From Fly Fusion Magazine
The Meaning of Water
The Ancient Mayan hieroglyph for ‘conjure’ is a symbol of a hand grasping a fish. It is a figurative manifestation of how even today, as a fly fisher peering into a deep, impenetrable pool, I look for meaning. Any sign, that I, with my magical 4-weight wand, slim leader and tippet, with bits of fur and feather, can raise a trout.
As fly fishers, the attraction to various incarnations of water is the reason we fish in the first place. Sure deceiving a trout with an artificial fly is pretty satisfying too but the physical contact with a rushing stream, the cool amorphous tug on your soul, its sounds, smells and very fluidity is profoundly affecting.
To fish it effectively, a fly fisher must learn its whims and nuances, cryptic dialect, and subtle tones, not only to enhance their chances of catching more fish but to perhaps come one step closer to grasping the ungraspable phantom of life, the meaning of water.
In every culture throughout history water and its many forms has been infused with mystery both benign and malevolent. It manifests itself in the destructive form of floods, deluges, and storms of rain, snow, sleet and hail not to mention icebergs, avalanches, treacherous slopes, and the many and varied effective mediums of torture.
Yet it is also the life giving, restorative, and precious commodity required for survival. For some, water in its holiest form washes away well-earned sins ensuring a fly fisher’s final cast will land him or her on a paradisiacal stream in the hereafter.
The earliest Greek philosophers recognized water as the life force that sustains all things. Thales of Miletus said that the world was like a log floating on an endless river and water - the element that connects all life. Anaximander theorized that people evolved from fish which presumably lived in water, a theory I would prefer to Darwin’s ape and would explain why I still have a hard time dispatching one of my piscatorial brethren for the dinner table.
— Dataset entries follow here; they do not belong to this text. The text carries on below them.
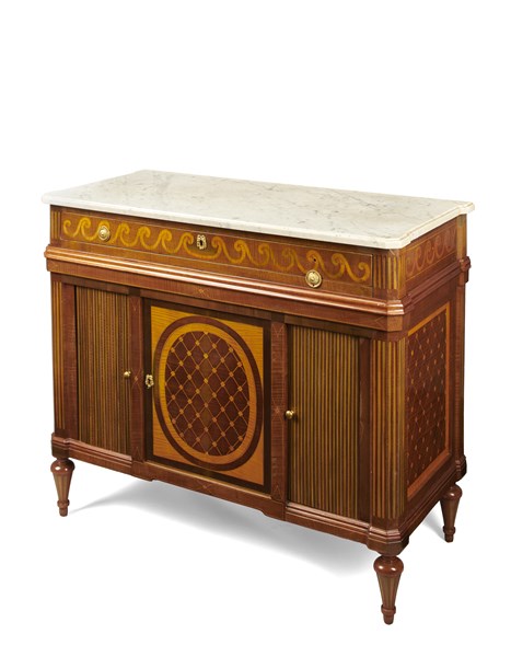 Credenza lastronata e intarsiata in legni di varie essenze, fronte con doppia serrandina celante tiretti e anta centrale, un cassetto sottopiano, gambe rastremate e scanalate. Piano in marmo bianco. Olanda, fine secolo XVIII (cm 107x92,5x49,5) (difetti)
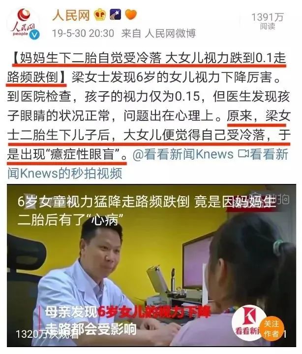 经过医生的询问,原来女儿觉得妈妈有了弟弟之后,就不关心自己了,她觉得妈妈不再爱她了。这导致她患上了“癔症性眼盲”。也就是说,这是一种由心理因素引起的病症。
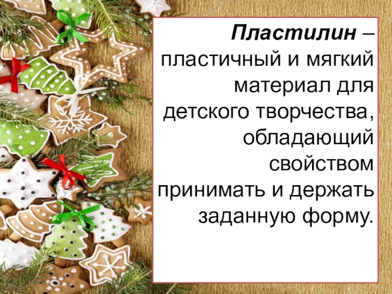 Слайд 4Пластилин – пластичный и мягкий материал для детского творчества, обладающий свойством

Water is both simple and complex, a great paradox. Looking at it in a glass, it is, in its purest form, clear, odorless, two parts hydrogen to one part oxygen. But translated onto a vast landscape flowing from some distant mountain lake or glacier, water takes on life and supports a myriad of complex organisms from the frailest micro-organism to the largest mammal, not to mention the numerous, often elusive trout we constantly try to conjure.